- Film poster
- Directed by: Dany Boon
- Written by: Dany Boon; Alexandre Charlot; Franck Magnier;
- Produced by: Claude Berri Jérôme Seydoux
- Starring: Kad Merad; Dany Boon; Zoé Félix;
- Music by: Philippe Rombi
- Production companies: Pathé; Hirsch; Les Productions du Ch'Timi; TF1 Films Production; Solidaris; Les Productions du Chicon;
- Distributed by: Pathé Distribution
- Release date: 20 February 2008;
- Running time: 106 minutes
- Country: France
- Languages: French Ch'ti
- Budget: $14.4 million
- Box office: $245.1 million

= Welcome to the Sticks =

2008 French comedy film by Dany Boon

Welcome to the Sticks (Bienvenue chez les Ch'tis, (Note: The French word Ch'ti is slang for someone from Northern France. See Picard language.) /fr/) is a 2008 French comedy film directed and co-written by Dany Boon and starring Kad Merad and Boon himself. The film is the highest-grossing French film of all time at the box office in France.

==Plot==
Philippe Abrams is the manager of the French post office (La Poste) branch in Salon-de-Provence, Bouches-du-Rhône, in southern France. He is married to Julie, whose negative character makes his life miserable. Philippe does everything to get a job at an office in Sanary-sur-Mer, on the Mediterranean coast, to make her happy. As it is perceived that the position will be acquired more easily if one is disabled, Abrams pretends that he is disabled—and is found out by the management. As punishment, he is banished for two years to Bergues, a town near Dunkirk in northern France. Northern France—and the Nord-Pas-de-Calais region in particular—is considered "the sticks"—a cold and rainy place inhabited by unsophisticated ch'tis who speak a strange dialect (called "ch'ti in local parlance, and pronounced "cheutimi in the South). He has to spend his first night at the home of Antoine, a member of his staff who happens to live there. Philippe initially dislikes Antoine for his obnoxious behavior and because he initially thinks Antoine is gay (due to seeing pictures of him crossdressing), but later Philippe finds out that Antoine worked for a carnival for a time (where he did impressions of numerous people, men and women alike) and that he secretly has a crush on Annabelle, one of the workers at the post office. Antoine and Philippe subsequently become best friends.

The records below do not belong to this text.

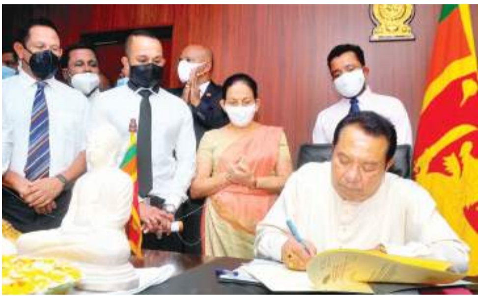
கைத்தொழில் அமைச்சராக நியமிக்கப்பட்டுள்ள எஸ்.பி.திசாநாயக்க நேற்று தமது அமைச்சில் கடமை களை பொறுப்பேற்ற போது...
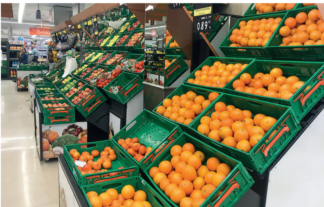
Los supermercados españoles no sufrieron desabastecimiento de productos frescos ni en los momentos más duros.

España cuenta con un sector primario fuerte, que soporta una grave crisis, pero que es capaz de garantizar la producción de alimentos y su puesta a disposición de la sociedad con la colaboración del resto de integrantes de la cadena. El sector alimentario español ha demostrado su capacidad de seguir cubriendo las necesidades de los consumidores en este escenario de crisis. Aunque la avalancha de ciudadanos a los supermercados indudablemente provocó roturas de stock puntuales —sobre todo en los primeros días tras el anuncio del estado de alarma—, los productores y las empresas comercializadoras fueron capaces de reponer los productos en cortos periodos de tiempo por la eficiencia de sus procesos logísticos y su capila-
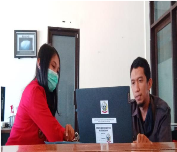
Bersama Staf Bidang Pengembangan
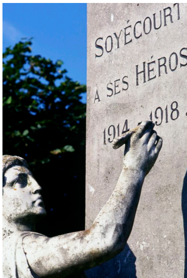
Vue de détail de la statue. IVR22_19948000452ZA
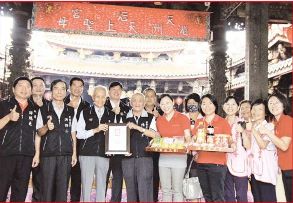
鹿港天后宮每年捐贈物資關懷地方獨居老人。
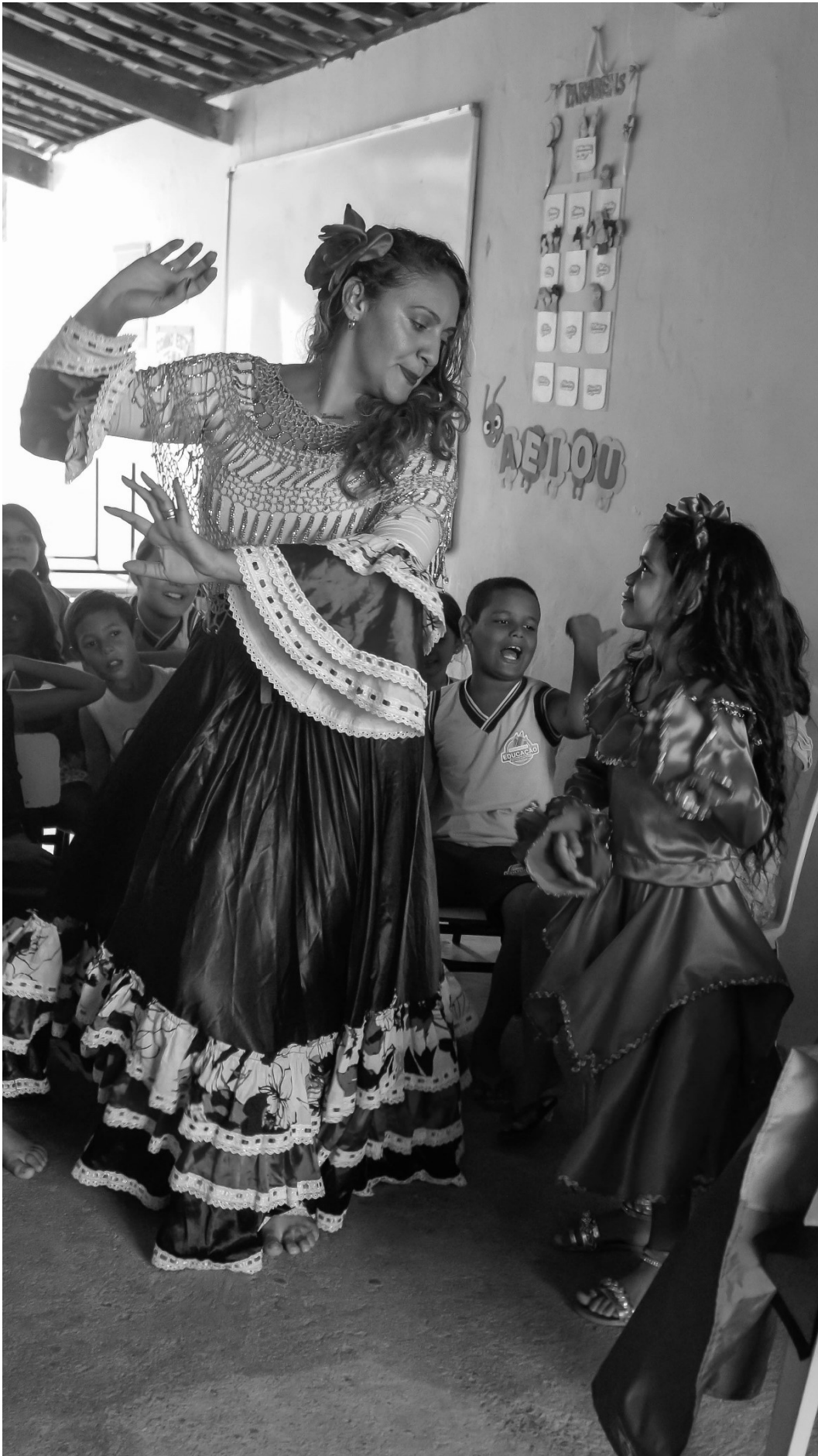
Aprendendo a dança no movimento da festa
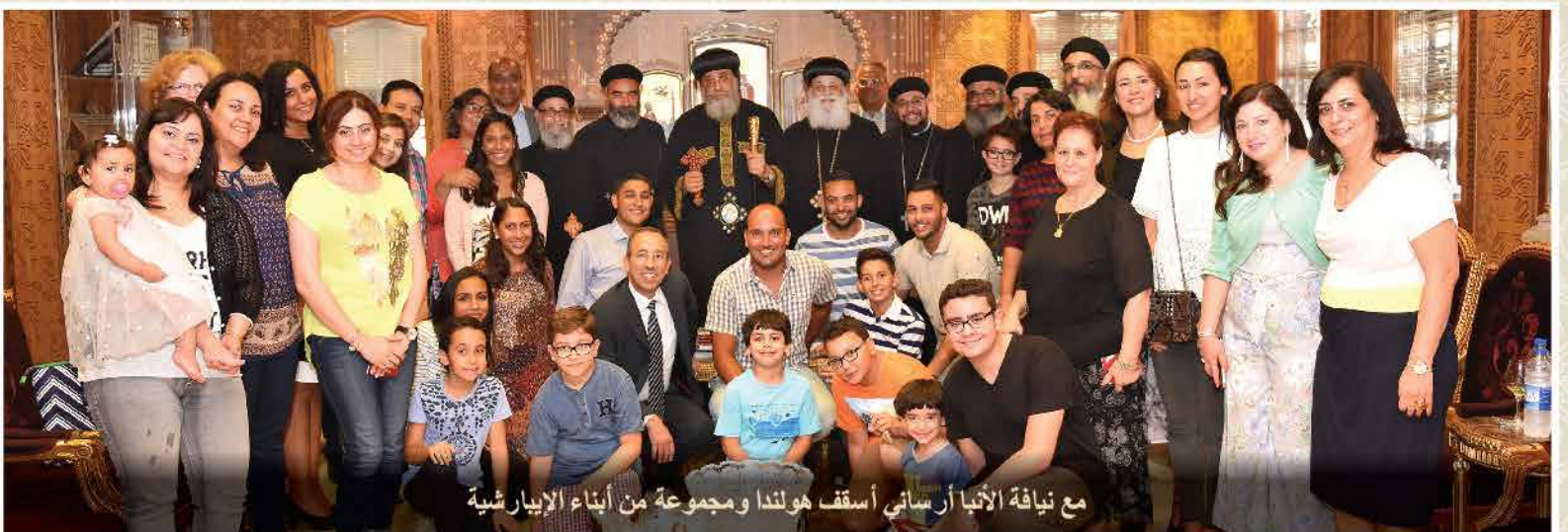
مع نيافة الأنبا أرساني أسقف هولندا ومجموعة من أبناء الإيبارشية
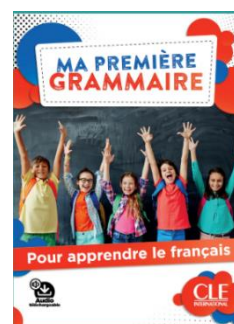
Ma Première Grammaire – Clé Internationale – fichier + audio - Niveau A1-A2 (débutants) – Cycle 3
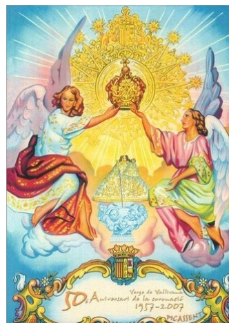
ESTAMPA COMMEMORATIVA DEL CINQUANTENARI DE LA CORONACIÓ
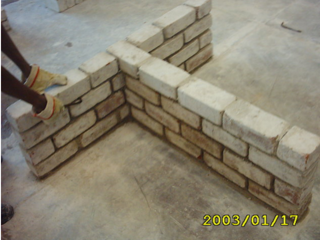
كيفية تفريغ اللحمت

4) يتم بناء المدماك الثالث والرابع وتكون هذا المداميك بنفس خطوات المدماك الثاني وكيفية تفريغ اللحمت كما في الشكل
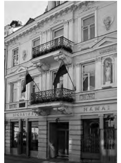
Signatarų namai Vilniuje
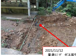
2021/11/12 業者にて ガス配管交
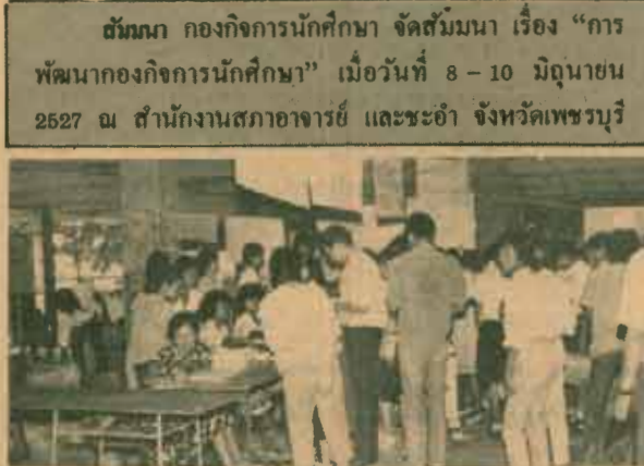
เจ้าหน้าที่ร่า ฝ่ายตำราฯ นำตำราชุด ของชั้นปีที่ 1 ไปจำหน่ายแก่นักศึกษาใหม่ ณ สถานที่รับสมัคร ทั้ง 2 แห่ง คือ ชั้นล่าง อาคารโรงโกลาต (KLB) และอาคารศิลาอาสน์ (SAB) ในระหว่างวันที่ 11-26 มิถุนายน 2527

To Philippe's surprise, Bergues proves to be a charming place teeming with warm, friendly people and co-workers. Soon, he is completely won over, eating strong-smelling Maroilles cheese; talking to virtually every local (by delivering their mail, and accepting the recipients' invitation for a drink); playing at the beach; playing the carillon at the bell tower together, drinking beer like a local, going to an RC Lens football match and so forth. He tries to describe the happy turn of events to his wife who has remained in the South with their young son, but she does not believe him. This inspires Philippe to tell her what she wants to believe; that his life is wretched there.

Everything goes fine until Julie decides to join him in the North to relieve his gloom. Philippe is forced to confess to his new friends and colleagues that he has described them as barbarians to his wife. First, they are angry, but they then decide to help him by behaving as such to cover for his lies and to scare Julie so she will depart quickly. They also let her stay in the old mining village near Bergues, pretending it is the main town. Julie has a very bad weekend, but decides she will move to Bergues to stay with Philippe, to be supportive.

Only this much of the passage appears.